What will be the outcome of the G20 leaders’ summit? - LEVENT YILMAZ

What will be the outcome of the G20 leaders’ summit?

In my previous article I had stated that the G20’s lack of a secretariat and the fact that it does not hold the status of being an international organization, the information that emerged as a result of the summits are not binding. Clearly, beyond finding solutions to common global problems, these summits have turned into a platform for country leaders to come together and solve their bilateral problems. In this sense, it would be quite optimistic to expect any serious progress in areas such as global economy, trade and investment, innovation, environment and energy, employment, women’s empowerment, and development and health, which are all main themes for this year.


Let us take a brief look at what happened since last year’s G20 leaders’ summit. For example, the number of protectionist measures implemented since the last summit has doubled. As many as 80 percent of the policy changes by G20 countries since December 2018 are are detrimental to trade interests apart from the country that imposed them. There is a sharp incline in the number of subventions and tariffs that will prevent trade. All this has led to a cost greater than $1 trillion in global trade. For example, the impact of the U.S.’s protectionist policies on China’s export alone was $335 billion in 2018. This figure was at about $25 billion in mid April 2019. In response to this, China’s protectionist policies affected about a $150-billion portion of U.S. export.

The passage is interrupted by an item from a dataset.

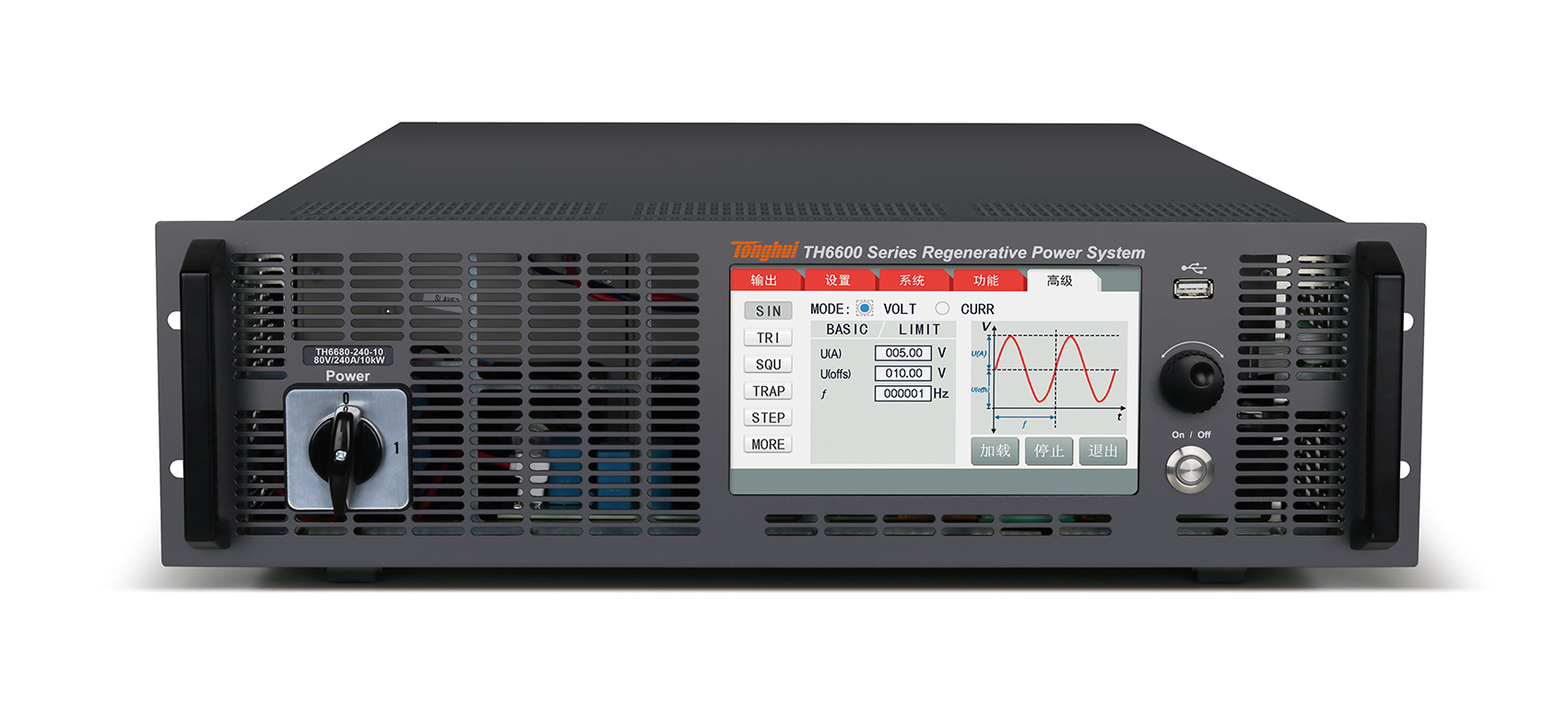 TH6600系列支持主从模式并机,功率最大可扩展至480kW,主动均流功能可保证每台仪器均未工作在最大功率状态;内置函数发生器,内置多种波形模板及编辑任意波形,并可以通过USB接口导入LIST生成波形。

While prior to the tariff wars, one-third of China’s total exports went to the U.S., following the tariff wars, this figure plummeted to one-twelfth.

This being the case, countries that are not among the G20 are also resorting to protectionist policies. As G20 countries fail to fulfill their commitments, they increased their measures almost fourfold.


The impact of the trade war between the U.S. and China on the rest of the world is obvious. We remember such tension from the Cold War era. Though a comparison with the risk of close combat at that time is out of the question, the impact of the fight in this era on global welfare is unquestionable. In this sense,the G20 must be prevented from becoming an organization that watches the conflict of interests between the U.S. and China (G2).


I repeatedly emphasized that the G20 will lead to nothing. Yet, it is possible to catch certain clues from the bilateral meetings held by leaders throughout the G20. For example, we can see from the meeting between U.S. President Donald Trump and Chinese President Xi Jinping how the trade wars will evolve. The meeting between Trump and President Recep Tayyip Erdoğan will guide us with respect to the S-400 and F-35 matter. Of course we do not expect these problems to be solved completely. But it is clear that certain messages will be given in terms of interpreting how the process will shape.